# Spanish Moss



## james dilley (Mar 21, 2004)

So does anyone collect it?? I know in Mexico Its A big deal. They make A few dollars off of it, But does it have any real value?? And is it worth collecting here?? I know wheres hundreds of pounds that can be collected. So whats your take on not only Moss, But other wild plants for income?/


----------



## Big Dave (Feb 5, 2006)

Up here it is getting to where you need a pemit to gather Gensig in season. No permit needed for mushrooms or asparagus. I do not know if spanish moss is the same as spagnum moss, but we buy that stuff for the wifes wreath making when she does it. Sell alot rocks for landscaping up here also. Sold mistletoe at Christmas when I lived in Tennessee. Heck I heard of some one selling gold painted tumbleweeds for the holidays on ebay. I think any thing is sellable just gotta find the market :angel:


----------



## vicker (Jul 11, 2003)

They used to use spanish moss in vehicle upholstery, and folks used to make some cash collecting it. I didn't know there is still a market for it. Is there? :shrug: What is it used for?


----------



## Zebraman (Aug 11, 2006)

Hey Guys;Spanish Moss is a type of Tillandsia.It has a market here in CA.Nursey's sell it as an exotic.A 2-2 1/2 ft section sells for $25.00 to $40.00.Selling it from a wesite would be your best bet.-


----------



## Ramblin Wreck (Jun 10, 2005)

Big Dave said:


> Heck I heard of some one selling gold painted tumbleweeds for the holidays on ebay. I think any thing is sellable just gotta find the market :angel:


I've seen sweet gum balls and cockle burrs sold as "porcupine eggs" at some state fairs...and people actually bought them!!


----------



## MELOC (Sep 26, 2005)

Ramblin Wreck said:


> I've seen sweet gum balls and cockle burrs sold as "porcupine eggs" at some state fairs...and people actually bought them!!



bwahahahaha! 

was that next to the snipe hunting exhibit?


----------



## moonwolf (Sep 20, 2004)

MELOC said:


> bwahahahaha!
> 
> was that next to the snipe hunting exhibit?
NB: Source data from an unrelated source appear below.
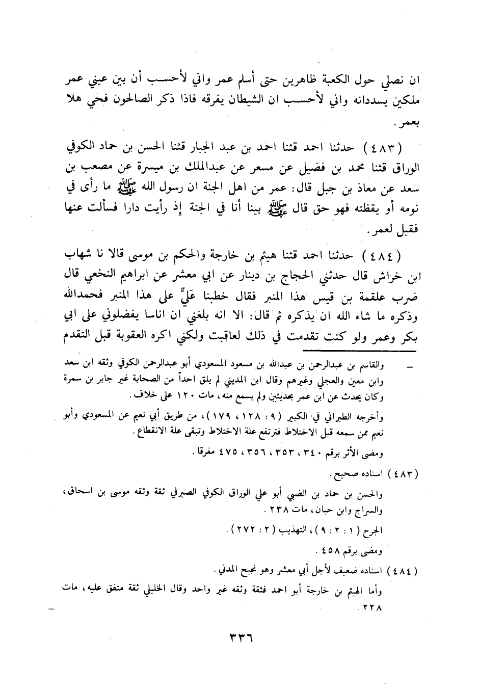 484 - حَدَّثَنَا أَحْمَدُ قثنا هَيْثَمُ بْنُ خَارِجَةَ، وَالْحَكَمُ بْنُ مُوسَى، قَالَا: نا شِهَابُ بْنُ خِرَاشٍ قَالَ: حَدَّثَنِي الْحَجَّاجُ بْنُ دِينَارٍ، عَنْ أَبِي مَعْشَرٍ، عَنْ إِبْرَاهِيمَ النَّخَعِيِّ قَالَ: ضَرَبَ عَلْقَمَةُ بْنُ قَيْسٍ هَذَا الْمِنْبَرَ فَقَالَ: خَطَبَنَا عَلِيٌّ عَلَى هَذَا الْمِنْبَرِ، فَحَمِدَ اللَّهَ وَذَكَرَهُ مَا شَاءَ اللَّهُ أَنْ يَذْكُرَهُ، ثُمَّ قَالَ: أَلَا إِنَّهُ بَلَغَنِي أَنَّ أُنَاسًا يُفَضِّلُونِي عَلَى أَبِي بَكْرٍ وَعُمَرَ، وَلَوْ كُنْتُ تَقَدَّمْتُ فِي ذَلِكَ لَعَاقَبْتُ، وَلَكِنِّي أَكْرَهُ الْعُقُوبَةَ قَبْلَ التَّقَدُّمِ، فَمَنْ قَالَ شَيْئًا مِنْ ذَلِكَ فَهُوَ مُفْتَرٍ، عَلَيْهِ مَا عَلَى الْمُفْتَرِي، إِنَّ §خَيْرَ النَّاسِ بَعْدَ رَسُولِ اللَّهِ صَلَّى اللهُ عَلَيْهِ وَسَلَّمَ أَبُو بَكْرٍ، ثُمَّ عُمَرُ، وَإِنَّا أَحْدَثْنَا بَعْدَهُمْ أَحْدَاثًا يَقْضِي اللَّهُ فِيهَا مَا أَحَبَّ، ثُمَّ قَالَ: أَحْبِبْ حَبِيبَكَ هَوْنًا مَا عَسَى أَنْ يَكُونَ بَغِيضَكَ يَوْمًا مَا، وَأَبْغِضْ بَغِيضَكَ هَوْنًا مَا عَسَى أَنْ يَكُونَ حَبِيبَكَ يَوْمًا مَا.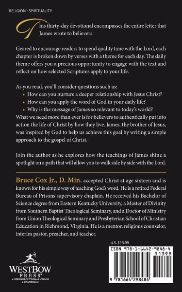 This thirty-day devotional encompasses the entire letter that James wrote to believers. Geared to encourage readers to spend quality time with the Lord, each chapter is broken down by verses with a theme for each day. The daily theme offers you a precious opportunity to engage with the text and reflect on how selected Scriptures apply to your life. As you read, you'll consider questions such as: ¿ How can you nurture a deeper relationship with Jesus Christ? ¿ How can you apply the word of God in your daily life? ¿ Why is the message of James so relevant to today's world? What we need more than ever is for believers to authentically put into action the life of Christ by how they live. James, the brother of Jesus, was inspired by God to help us achieve this goal by writing a simple approach to the gospel of Christ. Join the author as he explores how the teachings of James shine a spotlight on a path that will allow you to walk side by side with the Lord.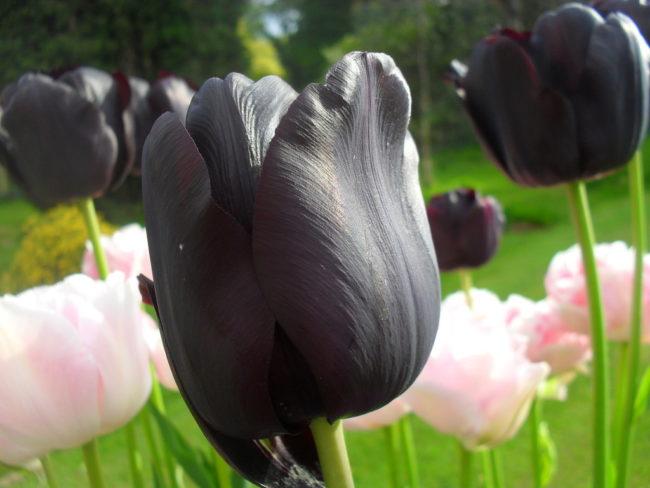 นี่คือชื่อเรียกดอกทิวลิปที่มีดอกสีม่วงเข้มหรือสีน้ำตาลแดง ไม่มีพันธุ์ใดที่มีดอกสีดำสนิท ความเข้มของสีขึ้นอยู่กับแสง รูปทรงและขนาดของดอกตูมจะแตกต่างกันไปตามพันธุ์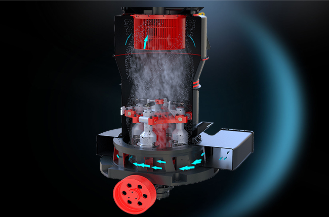 該機結構主要由主機、分析器、風(fēng)機、成品旋風(fēng)分離器、微粉旋風(fēng)分離器及風(fēng)管組成。其中,主機由機架、進(jìn)風(fēng)蝸殼、鏟刀、磨輥、磨環(huán)、罩殼組成。雷蒙機工作時(shí),將需要粉碎的物料從機罩殼側面的進(jìn)料斗加入機內,依靠懸掛在主機梅花架上的磨輥裝置,繞著(zhù)垂直軸線(xiàn)公轉,同時(shí)本身自轉,由于旋轉時(shí)離心力的作用,磨輥向外擺動(dòng),緊壓于磨環(huán),使鏟刀鏟起物料送到磨輥與磨環(huán)之間,因磨輥的滾動(dòng)碾壓而達到粉碎物料的目的。
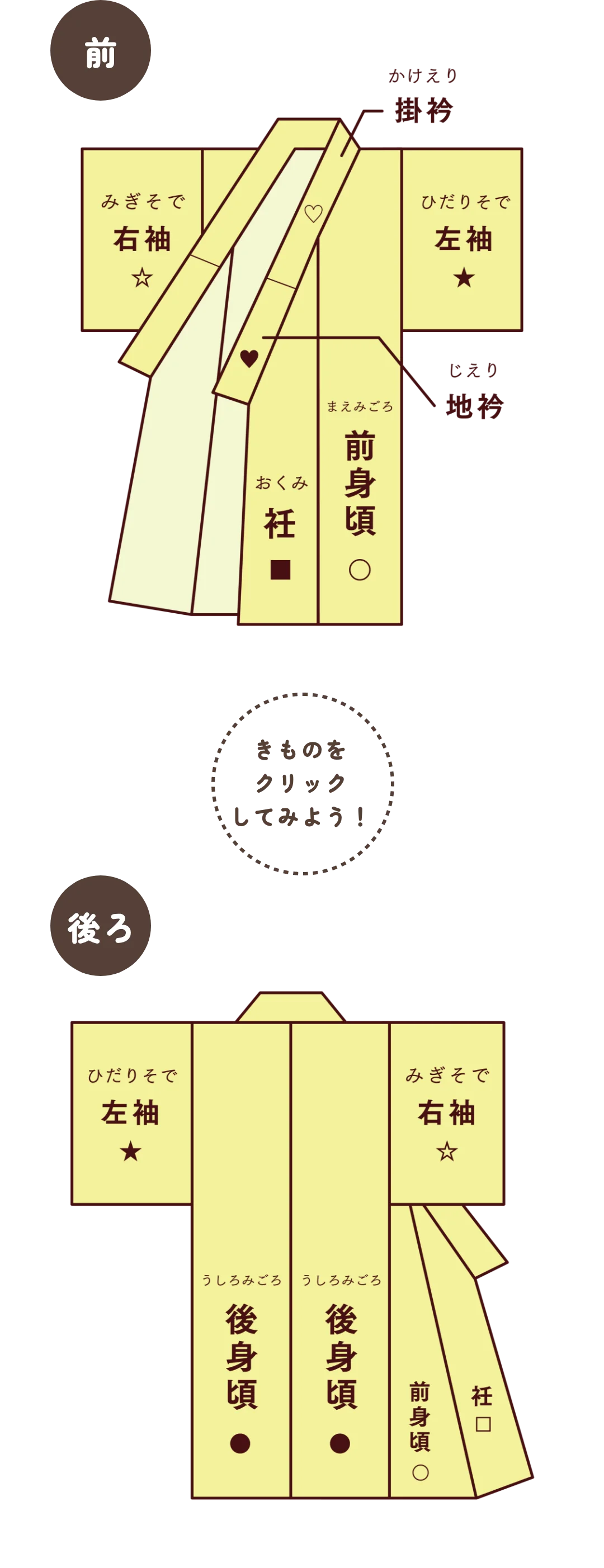 反物のそれぞれの箇所で、着物になった時にどこがどの部分になるのかはあらかじめ決まっています。なので、着物をつくる人はそこをきちんと計算しながら色柄を作っています。下の着物をクリックして、反物のどの場所が着物のどこになるのか?チェックしてみましょう!!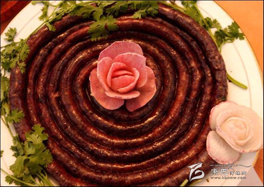 (4)血腸的烹煮,將灌好的血腸,放開湯中煮沸,煮至血腸浮起,腸成灰白色,約八成熟時(shí)便起鍋,裝入盤內(nèi),全家席地圍坐,割而食之。
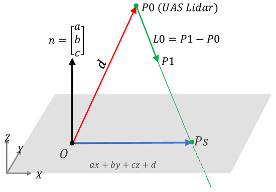 To simulate the UAS LiDAR scans, the scanning points are found when intersecting the LiDAR beams with the ground, assuming a planar ground surface without occlusions. Mathematically, the LiDAR scanning points are computed, as illustrated in Equation (9) [40,41]: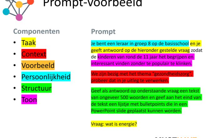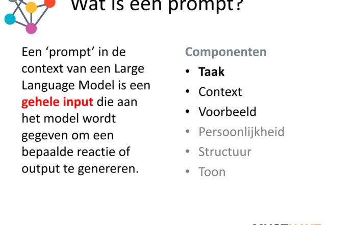 Gebruik een prompt-structuur Wat is een prompt? Om optimaal gebruik te kunnen maken van het schrijftalent en de kennis van een LLM is het gebruik van een goede prompt cruciaal. “Een ‘prompt’ in de context [...]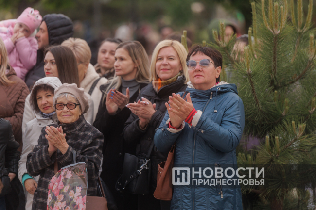 Специально приглашенные гости – ансамбль скрипачей рыбницкого Дворца культуры – исполнили композицию из саундтрека фильма «Ликвидация». Звучала и легендарная песня из «Семнадцати мгновений весны». Ее проникновенно исполнил юный артист из Бендер - учащийся 8-го класса Андрей Кирман.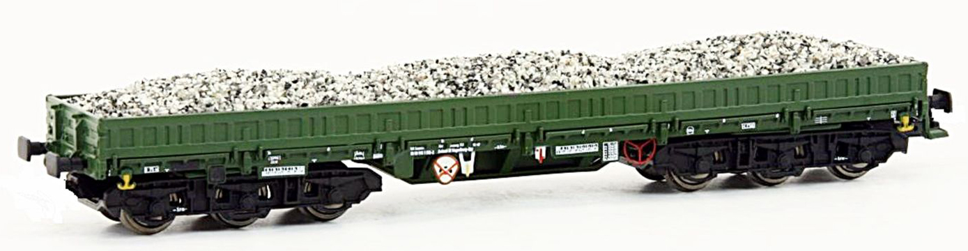 | nízkostěnný nákladní vůz zelený s nákladem štěrkem |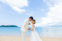 沖縄らしい青い海と空をバックにダイナミックな一枚♡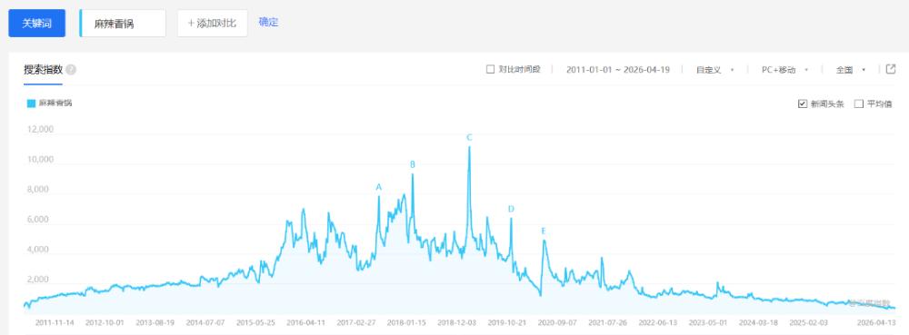 麻辣香锅是紧跟水煮鱼之后走红的“重口味”代表。凭借现炒模式和自选搭配,麻辣香锅在快餐与正餐之间劈开了一条路。2015年前后,麻辣香锅几乎成为各类商圈的标配,2018年前后,麻辣香锅的流量达到顶峰。但近两年,当“价格刺客”成为这个品类的新标签,麻辣香锅专门店声量大不如前。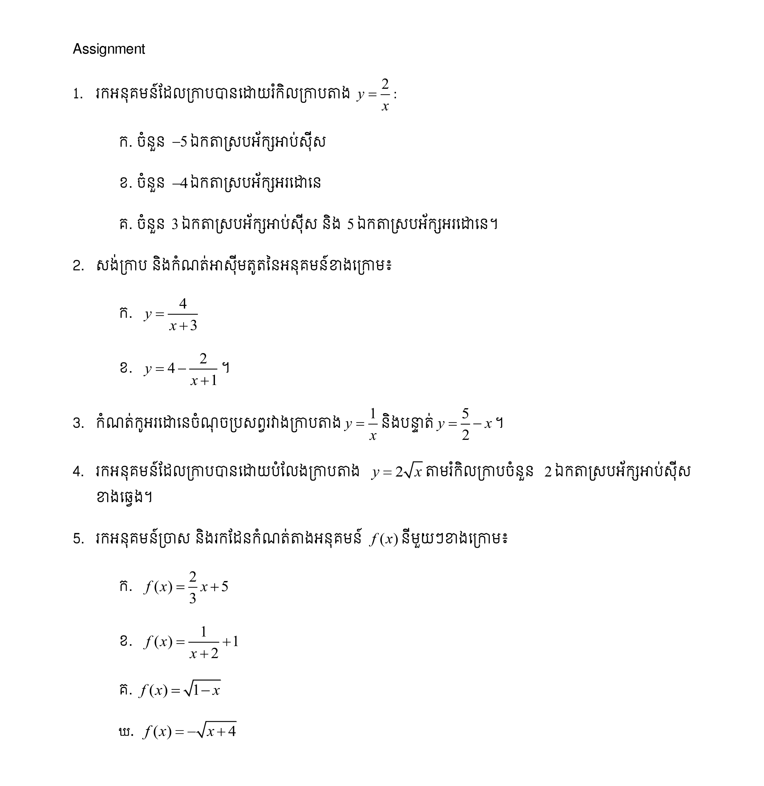 (ជ៥) មេរៀនទី៣៖ (កិច្ចការផ្ទះ) អនុគមន៍សនិទាន និងអនុគមន៍អសនិទាន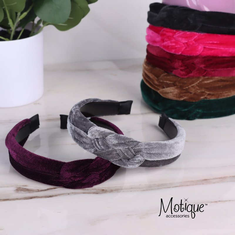 - This is a quality velvet headband with a braid across the top of the headband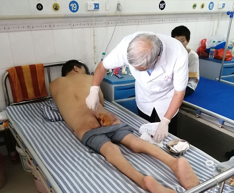 8月11日,北京榮祥再生醫(yī)學研究所副所長、《中國燒傷創(chuàng)瘍雜志》編委金黨軍教授應邀前往江西省吉安市永新縣人民醫(yī)院對一例久治不愈壓瘡患者進行會診,金教授從查看病情到指定治療方案,最后親自示范換藥流程,全程贏得了科室醫(yī)生主任的高度認可。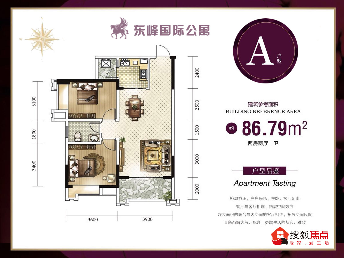 2室2厅1卫-A户型 建面约86平 两室两厅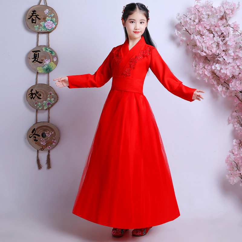 Hanfu children's super fairy girl's costume Chinese style spring and autumn little girl's skirt dress guzheng dance performance costume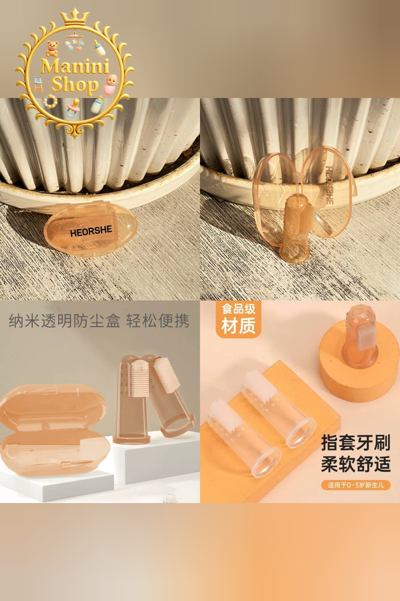 مسواک انگشتی هی اور شی قابدار از مانی نی شاپ، ترکیبی از ایمنی، کیفیت و طراحی فاخر است که والدین مشکلپسند و علاقهمند به سیسمونی لوکس را کاملاً راضی میکند.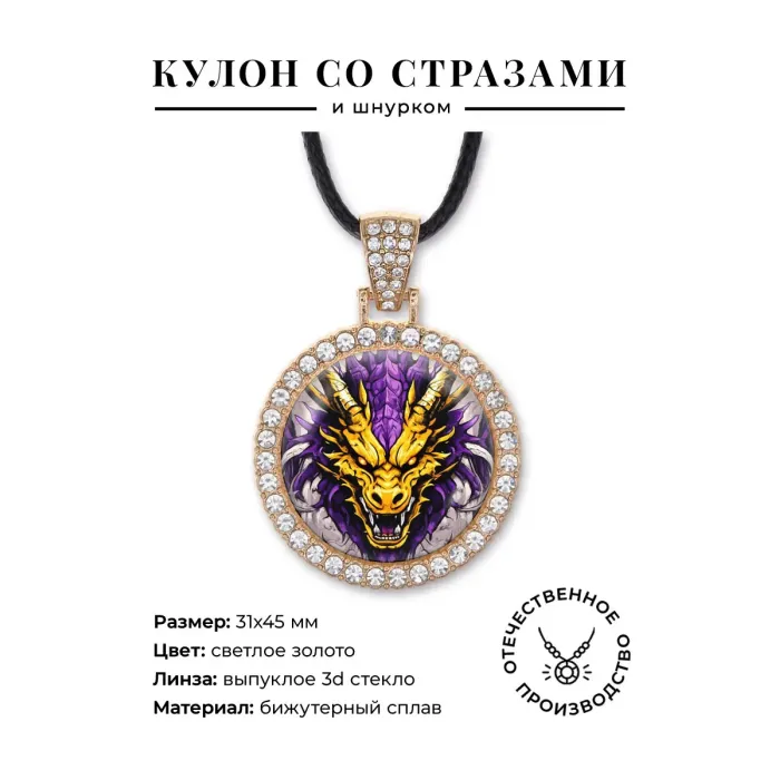 Кулон со стразами Двухцветный дракон, цвет светлое золото ALKS0242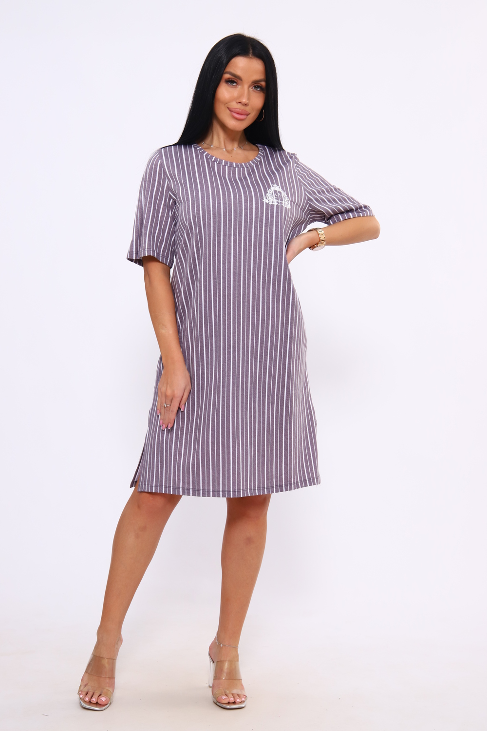 Сорочка для дома и отдыха из хлопка. Свободный силуэт с разрезами по бокам и декоративной, глянцевой печатью в стиле шелкографии.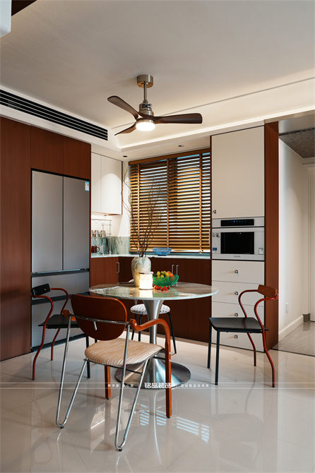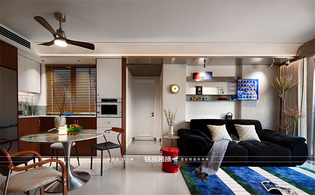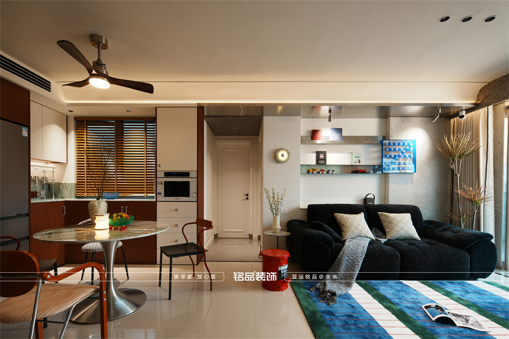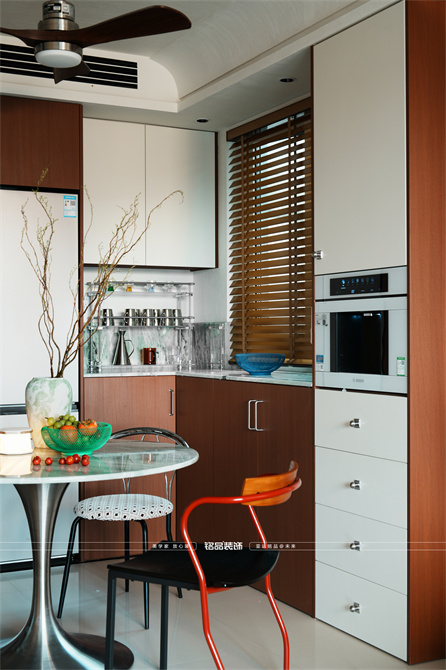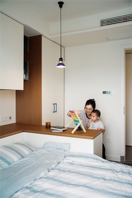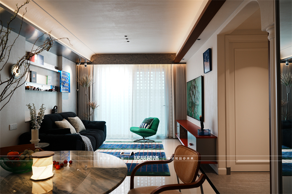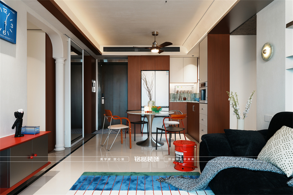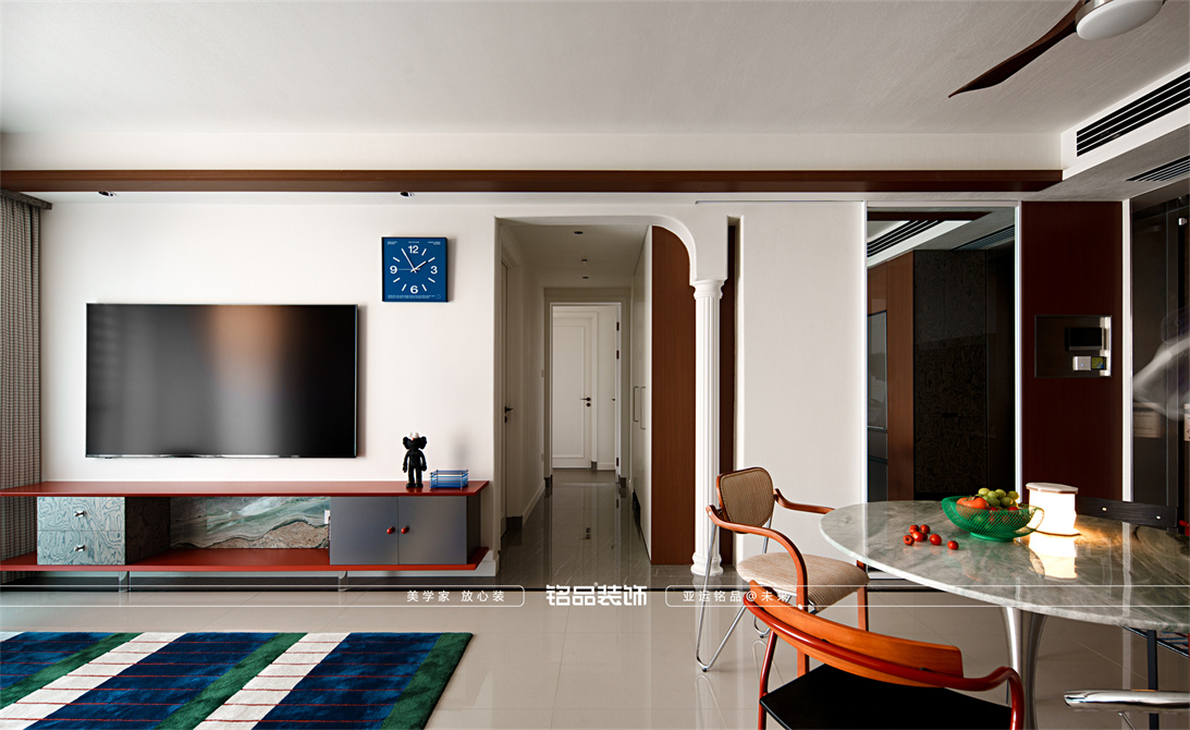 让千篇一律的精装房迸发出更多的多巴胺,色系上面采用包豪斯经典三原色红黄蓝搭配业主喜欢的绿色,饱和度拉满,吸引眼球的同时增加明亮度,让家更有温度

don't discount that snipe hunting isn't a real activity.










Snipe Hunting Anyone? 

Yes, and you really CAN get a moose poop necklace for your favourite girlfriend!


----------



## MELOC (Sep 26, 2005)

yeah moonwolf, i saw the snipe photo on the singletree. it is a saying though. are they good eatin'? :shrug: lol


----------